The case $k\leq 0$ leads to no eigenvalues, it is an exercise to confirm this. Thus, our list above $E$ is a complete list of all eigenvalues of $L$, in the sense that every eigenvalue is a linear combination of the ones we gave above.

It is not true however that given any $f\in X$ we can express $f$ as a linear combination of $E$. But we can do it if we allow infinitely many of the $E$, more precisely, $f$ can be expressed as an infinite series (convergence in the inner-product sense) of those eigenvalues, this is exactly what Fourier analysis is about.

 

[blue_raver22]

for your question! Spectral decomposition is a fundamental concept in functional analysis and is used to decompose a linear operator into simpler components. Here are some examples of spectral decompositions for normal compact and non-compact operators on a Hilbert space:

1. Normal compact operator: Let T be a normal compact operator on a Hilbert space H. By the spectral theorem, we know that T has a spectral decomposition into a sum of projection operators, each corresponding to an eigenvalue of T. In other words, we can write T as T = ∑ λPλ, where λ are the eigenvalues of T and Pλ are the corresponding orthogonal projection operators. This decomposition allows us to understand the behavior of T in terms of its eigenvalues and eigenvectors.

2. Normal non-compact operator: For a normal non-compact operator on a Hilbert space, the spectral decomposition is slightly more complicated. In this case, the operator may have a continuous spectrum, which means it has an infinite number of eigenvalues. The spectral decomposition for such operators involves a measure-theoretic approach, where the operator is decomposed into a sum of integral operators with respect to a spectral measure.

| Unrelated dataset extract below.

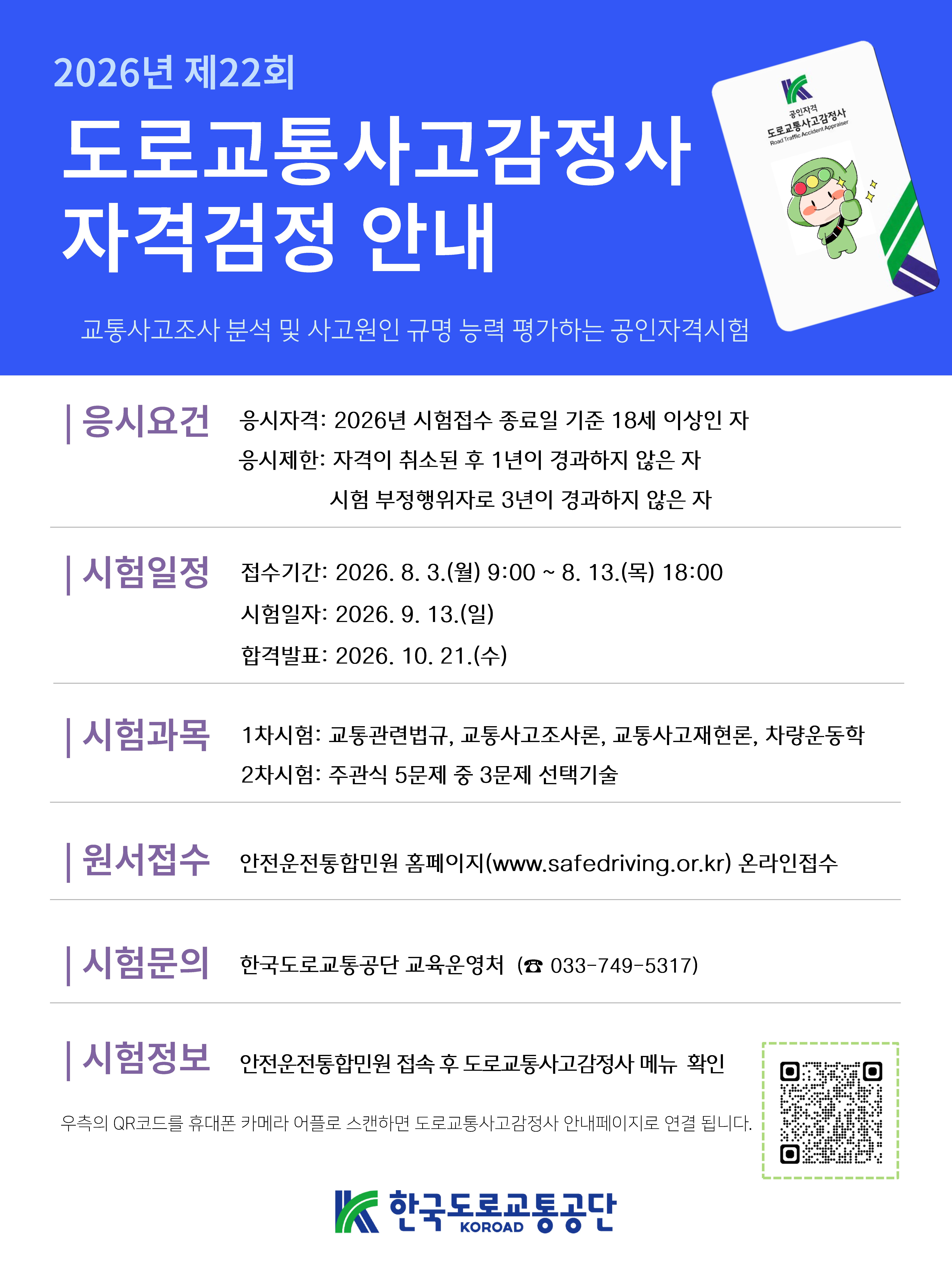 | 2026년 제22회 도로교통사고감정사 자격검정 안내 | |

3. Toeplitz operator: A Toeplitz operator is a type of normal non-compact operator that arises in the study of analytic functions. It is defined by a symbol function and can be decomposed into a sum of rank one operators, each corresponding to a point on the unit circle. This decomposition is known as the Szegő decomposition and is an important tool in the study of Toeplitz operators.

4. Compact self-adjoint operator: For a compact self-adjoint operator on a Hilbert space, the spectral decomposition is particularly simple. By the spectral theorem, we know that the operator can be written as T = ∑ λPλ, where λ are the eigenvalues of T and Pλ are the corresponding orthogonal projection operators. However, in this case, the sum is finite, as the operator only has a finite number of non-zero eigenvalues.

These are just a few examples of spectral decompositions for different types of operators on a Hilbert space. Each type of operator may have a different decomposition, depending on its properties and the techniques used to obtain it. I hope this provides some concrete examples of spectral decompositions and how they can be obtained for different types of operators.